__TASK OBJECTIVE__: Every line from the one with "Am Samstag, 15." through the last line below should be repeated exactly; pictures stay out of the copy.

__INPUT RECORDS__:
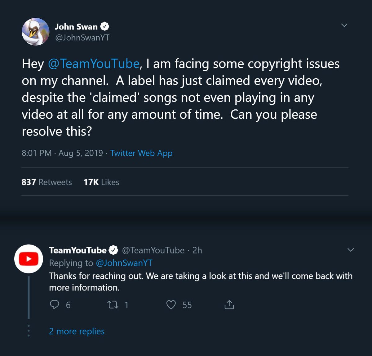 Getting replied to by @TeamYouTube is very exclusive.pic.twitter.com/qmSIAubrK8
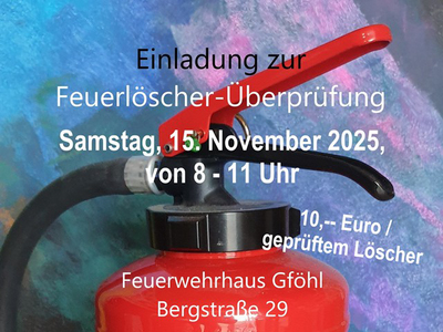 Am Samstag, 15. November 2025, besteht in der Zeit von 8 - 11 Uhr im Feuerwehrhaus Gföhl, Bergstraße 29, die Möglichkeit zur Feuerlöscherüberprüfung.
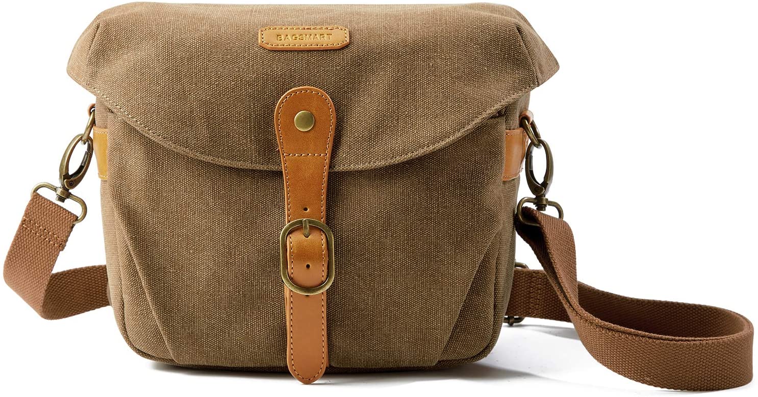 Camera Bag, BAGSMART SLR DSLR Canvas Camera Case, Vintage Padded Camera Shoulder Bag with Rain Cover for Women and Men, Khaki
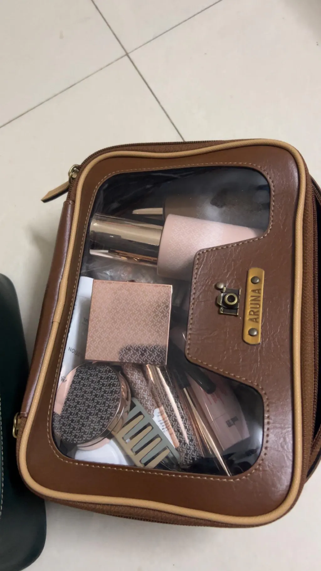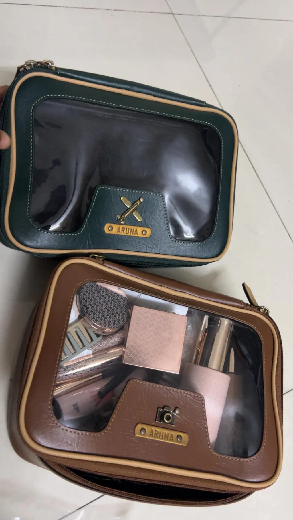 Crafted in rich, premium vegan leather with a clear front panel, it lets you instantly view your makeup, skincare, and accessories. No more rummaging or repacking, everything stays beautifully arranged and easy to find.
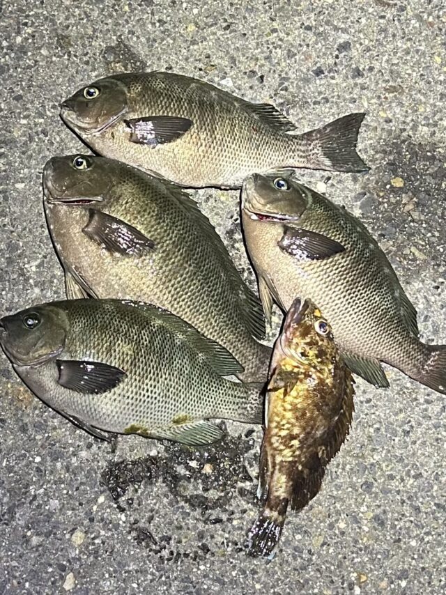 暑さも和らぎ涼しくなって来ましね、今日は日本鋼管に少し夜釣りに、2時間程電気ウキで楽しんで来ました。長潮で余り潮は良くない状況でしたが、ウキ下を下げるとガシラだったので、棚を浅くしてテトラ側を流すと、電気ウキがすーと入り込み合わすと、なかなかのサイズのグレが釣れました。撒き餌も無くゴカイの刺し餌で結構楽しめました。秋の夜長に皆さんも色々な釣り楽しんで下さい。

__REPLY__:
 Am Samstag, 15. November 2025, besteht in der Zeit von 8 - 11 Uhr im Feuerwehrhaus Gföhl, Bergstraße 29, die Möglichkeit zur Feuerlöscherüberprüfung.
 Camera Bag, BAGSMART SLR DSLR Canvas Camera Case, Vintage Padded Camera Shoulder Bag with Rain Cover for Women and Men, Khaki
 Crafted in rich, premium vegan leather with a clear front panel, it lets you instantly view your makeup, skincare, and accessories. No more rummaging or repacking, everything stays beautifully arranged and easy to find.
 暑さも和らぎ涼しくなって来ましね、今日は日本鋼管に少し夜釣りに、2時間程電気ウキで楽しんで来ました。長潮で余り潮は良くない状況でしたが、ウキ下を下げるとガシラだったので、棚を浅くしてテトラ側を流すと、電気ウキがすーと入り込み合わすと、なかなかのサイズのグレが釣れました。撒き餌も無くゴカイの刺し餌で結構楽しめました。秋の夜長に皆さんも色々な釣り楽しんで下さい。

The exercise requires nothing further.